**Work order:** Begin your copy at the line with "Assinale a alternativa" in the records below and end it at the line with "버튼을 클릭하면 연결할 데이터베이스 정보를 입력하는 폼이 나온다.", restating each line word for word; omit the pictures.

══ Provided data

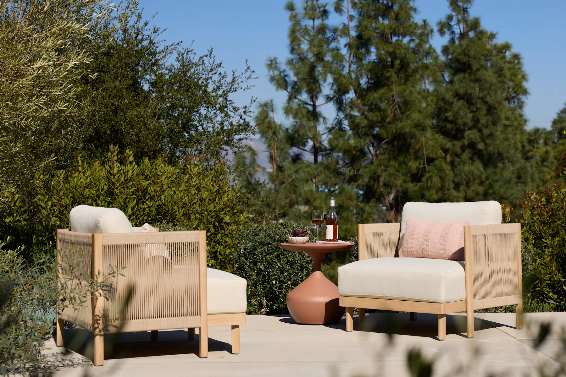 Crafted with FSC certified eucalyptus wood, accented with woven rope detailing on the arms and back, and topped with cozy cream cushions, the Cruz is the perfect choice for backyards and balconies alike.
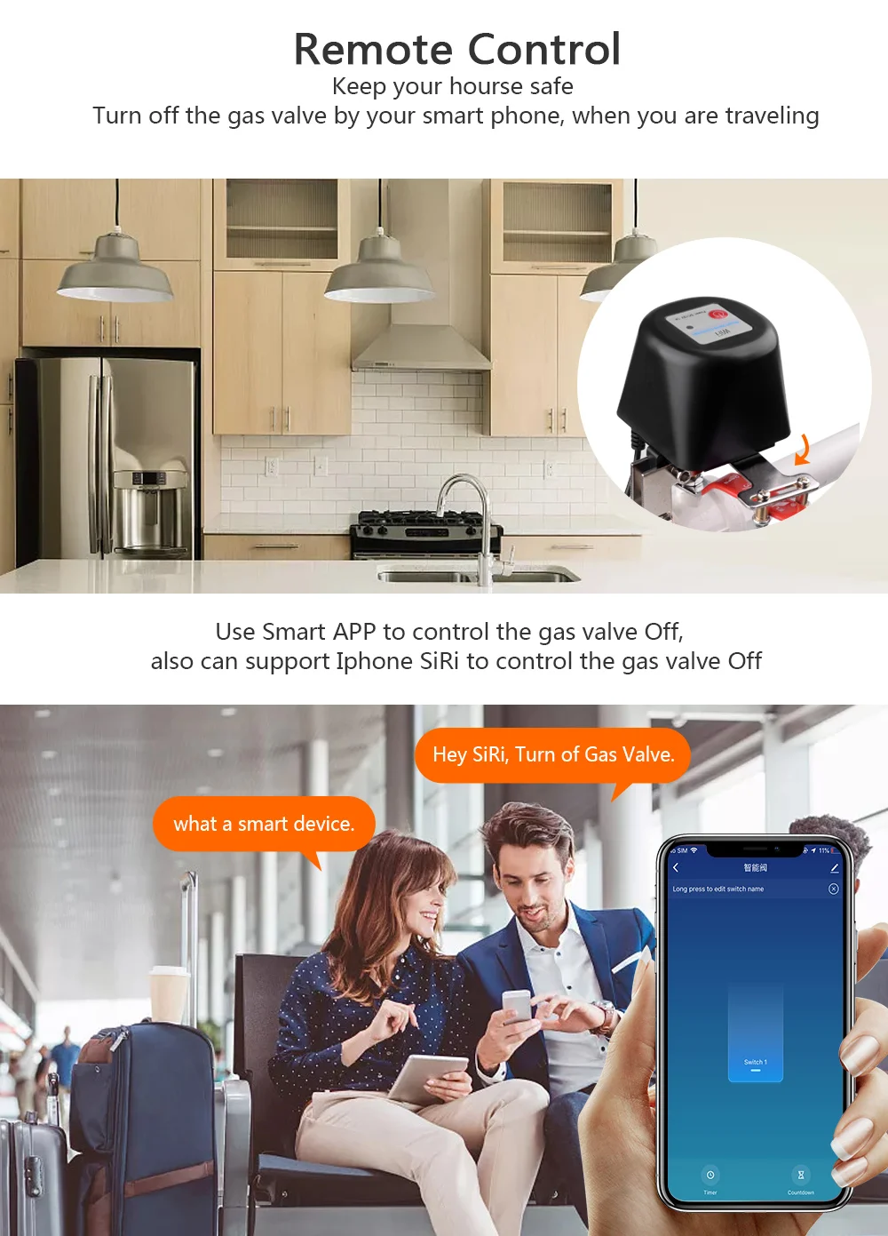 ตัวควบคุมวาล์วน้ำ/แก๊สไร้สายสำหรับระบบอัตโนมัติภายในบ้านมาตรฐาน
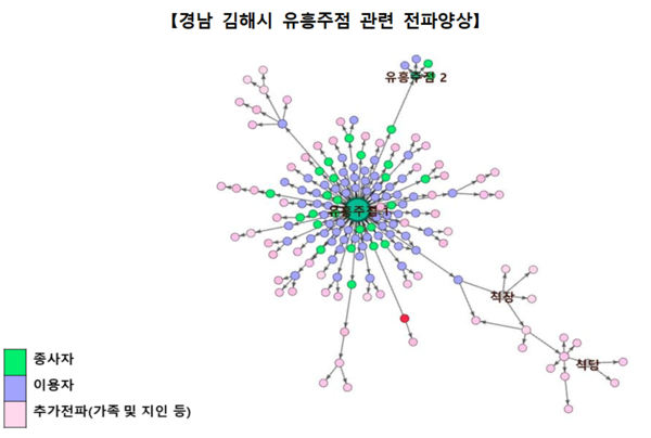 대규모 확진자가 발생한 주요 집단사례로는 부산 소재 주점 관련 유흥시설 이용자 중 총 236명의 확진자가 발생했다. 또한 경남 김해시 유흥주점 관련 종사자 선제검사에서 확진되었는데 증상발생 기간 중 다수의 시설에서 근무를 지속하여 동료 및 이용자 95명 및 가족·지인 등에게 추가전파 돼 총 188명의 확진자가 발생했다.
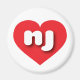 This magnet features a vibrant red heart containing the bold, white, rounded lower case letters nj, a playful abbreviation for New Jersey, the garden state.
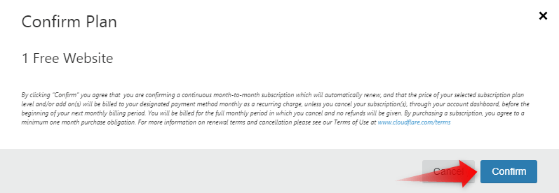 - Once you have decided on a Cloudflare account, you need to click the Confirm link
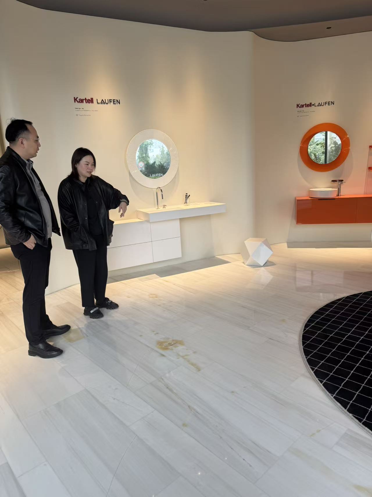 在零售总经理叶悠茹的引导下,杜佳峰秘书长实地参观了位于红星美凯龙 1 楼主入口核心位置的天益幸福家展厅。展厅内,瑞士劳芬的潮流卫浴、德国当代的经典龙头、意大利 Antoniolupi 的艺术台盆等国际一线品牌产品错落陈列,涵盖卫浴、橱柜、电器、收纳四大核心品类。叶悠茹总经理重点介绍了杜唯淋浴房的静音防尘工艺、比利时阿尔法桑拿房的定制服务,以及天工之作浴室柜的材质创新,这些产品凭借 “美学吸引力 + 功能实用性” 的双重优势,成为宁波高端家居市场的标杆选择。
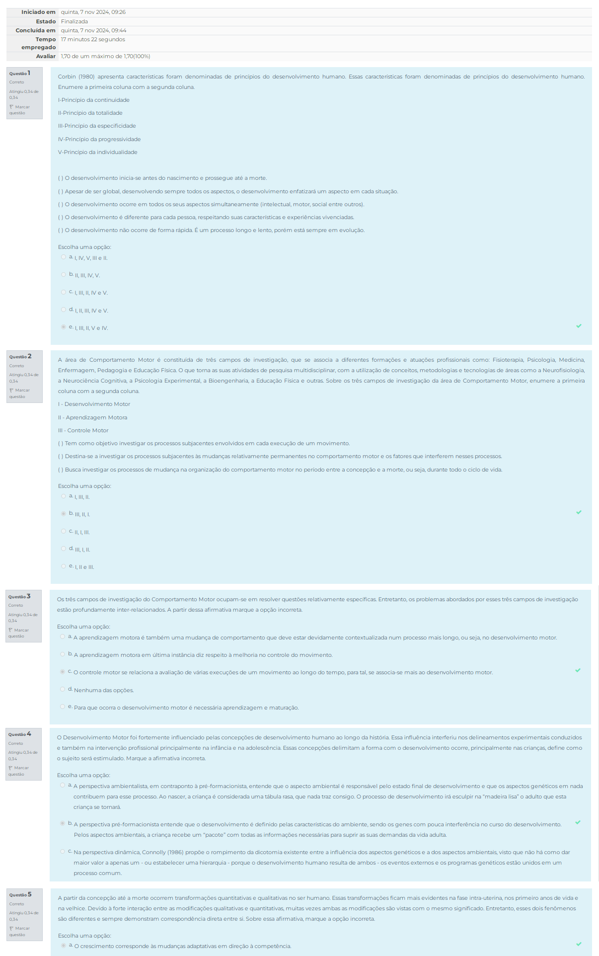 Assinale a alternativa correta Os psicólogos do desenvolvimento estudam o crescimento humano mental e físico apenas na infância, a adolescência, ...
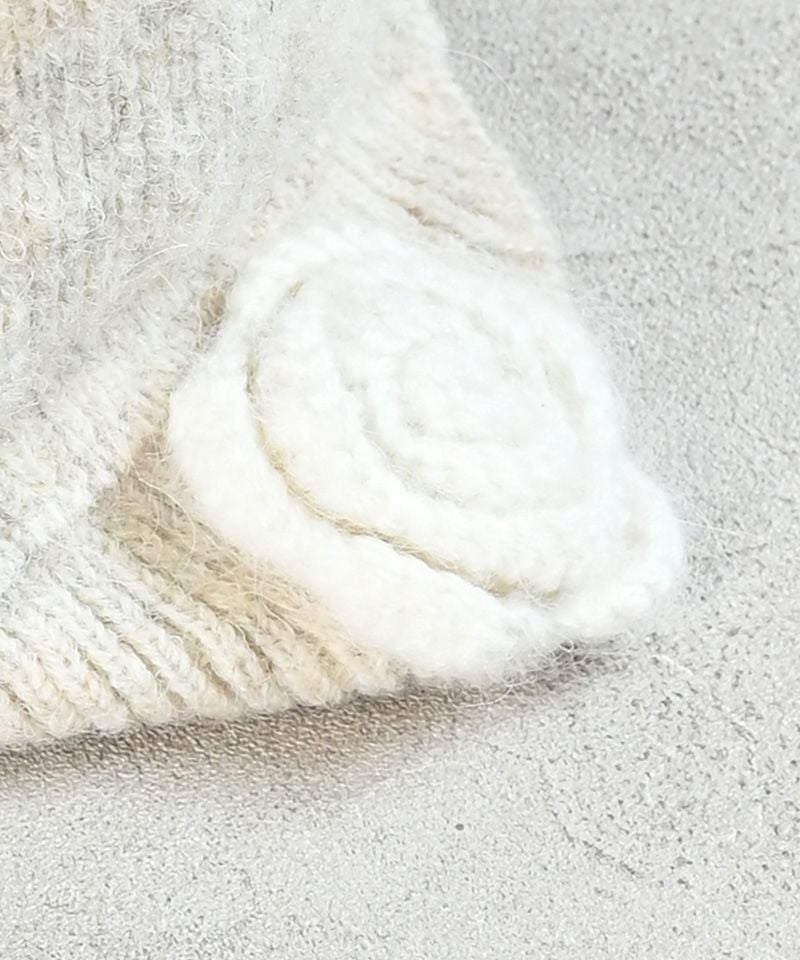 【マシンウォッシャブル】ポンポンフラワーニットバブーシュカ
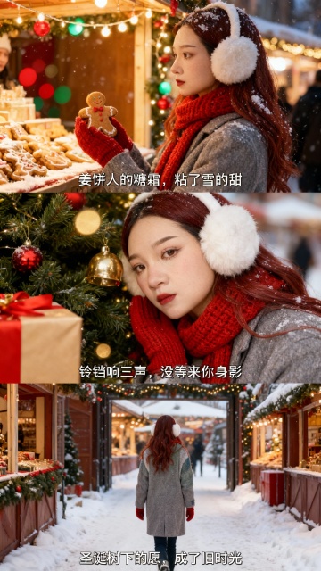 三宫格艺术感写真图,横向三宫格。画面中人物神情忧郁,身着灰色毛呢外套、搭配红色针织围巾与手套、佩戴白色毛绒耳罩。第一张近景:人物站圣诞市集摊位前托姜饼人,侧脸,头发落雪,背景圣诞灯串,红绿彩色光斑,字幕 “姜饼人的糖霜,粘了雪的甜 The frosting of the gingerbread man sticks the sweetness of snow”;第二张特写:人物脸靠装饰圣诞树,旁侧礼品盒,金红光斑,字幕 “铃铛响三声,没等来你身影 The bell rings three times, not waiting for your figure”;第三张远景:人物背影走市集出口积雪路,字幕 “圣诞树下的愿,成了旧时光 The wish under the Christmas tree becomes old times”。整体暖光光线,采用柯达胶片效果,三张图合成一个三宫格,字幕位于底部。
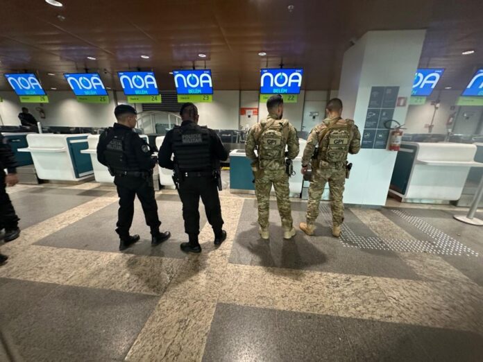 Belém/PA e Macapá/AP. Na tarde desta quinta-feira (5/2), a Polícia Federal e as Polícias Militares do Amapá e Pará foram acionadas para realizar varredura em uma aeronave, após a identificação de artefato suspeito em seu interior. O objeto fora encontrado pela tripulação em um bagageiro. O avião fez conexão em Belém e seguiu para Macapá.
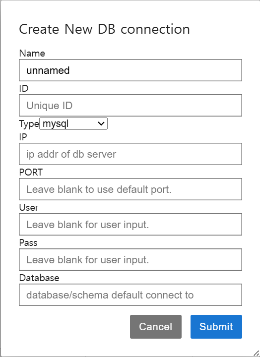 버튼을 클릭하면 연결할 데이터베이스 정보를 입력하는 폼이 나온다.
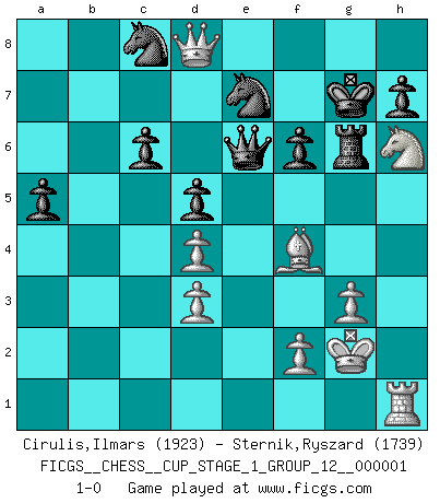 Last move : 1-0 2017 April 28 22:26:28 [Event "FICGS__CHESS__CUP_STAGE_1_GROUP_12__000001"] [Site "FICGS"] [Date "2017.03.01"] [Round "1"] [White "Cirulis,Ilmars"] [Black "Sternik,Ryszard"] [Result "1-0"] [WhiteElo "1923"] [BlackElo "1739"] 1.b4 d5 2.Nf3 e6 3.a3 a5 4.b5 Nf6 5.e3 Nbd7 6.c4 Nb6 7.cxd5 exd5 8.Bb2 Bf5 9.Nd4 Bg6 10.Be2 Bd6 11.O-O Nc4 12.Bc1 Be5 13.a4 Bxd4 14.exd4 Nd6 15.d3 O-O 16.Nd2 Re8 17.Re1 Re6 18.Nf3 Bh5 19.Bb2 Nd7 20.h3 f6 21.Nh4 Rxe2 22.Rxe2 Bxe2 23.Qxe2 Nb6 24.Qe6+ Kf8 25.Ba3 g6 26.g3 Qe7 27.Qg4 Rd8 28.Ng2 Kg7 29.Re1 Qd7 30.Qd1 Ndc8 31.h4 Re8 32.Ne3 Qf7 33.h5 gxh5 34.Kg2 Kh8 35.Rh1 Rg8 36.Rxh5 Nxa4 37.Qf3 Nab6 38.Nf5 Qe8 39.Nh6 Rg6 40.Qf4 c6 41.bxc6 bxc6 42.Rh1 Qe6 43.Bc1 Ne7 44.Qc7 Nbc8 45.Qd8+ Kg7 46.Bf4 1-0 Polish (Sokolsky) opening Kingside Castling by player White (move 11) Kingside Castling by player Black (move 15) Player White won this chess game. Follow this game move after move (download)The tactician must know what to do whenever something needs doing; the strategist must know what to do when nothing needs doing. (Savielly Tartakover) Oft bringt ein stiller Zug das Erdbeben. (Richard Reti) Entre mas años cumplo, mas valoro los Peones. (Keres) Soyez une menace à chaque fois que vous vous asseyez pour jouer. (Ken Smith) Shallow men believe in luck. Strong men belive in cause and effect. (Ralph Waldo Emerson)

════

**Expected answer:**
 Assinale a alternativa correta Os psicólogos do desenvolvimento estudam o crescimento humano mental e físico apenas na infância, a adolescência, ...
 【マシンウォッシャブル】ポンポンフラワーニットバブーシュカ
 三宫格艺术感写真图,横向三宫格。画面中人物神情忧郁,身着灰色毛呢外套、搭配红色针织围巾与手套、佩戴白色毛绒耳罩。第一张近景:人物站圣诞市集摊位前托姜饼人,侧脸,头发落雪,背景圣诞灯串,红绿彩色光斑,字幕 “姜饼人的糖霜,粘了雪的甜 The frosting of the gingerbread man sticks the sweetness of snow”;第二张特写:人物脸靠装饰圣诞树,旁侧礼品盒,金红光斑,字幕 “铃铛响三声,没等来你身影 The bell rings three times, not waiting for your figure”;第三张远景:人物背影走市集出口积雪路,字幕 “圣诞树下的愿,成了旧时光 The wish under the Christmas tree becomes old times”。整体暖光光线,采用柯达胶片效果,三张图合成一个三宫格,字幕位于底部。
 Belém/PA e Macapá/AP. Na tarde desta quinta-feira (5/2), a Polícia Federal e as Polícias Militares do Amapá e Pará foram acionadas para realizar varredura em uma aeronave, após a identificação de artefato suspeito em seu interior. O objeto fora encontrado pela tripulação em um bagageiro. O avião fez conexão em Belém e seguiu para Macapá.
 버튼을 클릭하면 연결할 데이터베이스 정보를 입력하는 폼이 나온다.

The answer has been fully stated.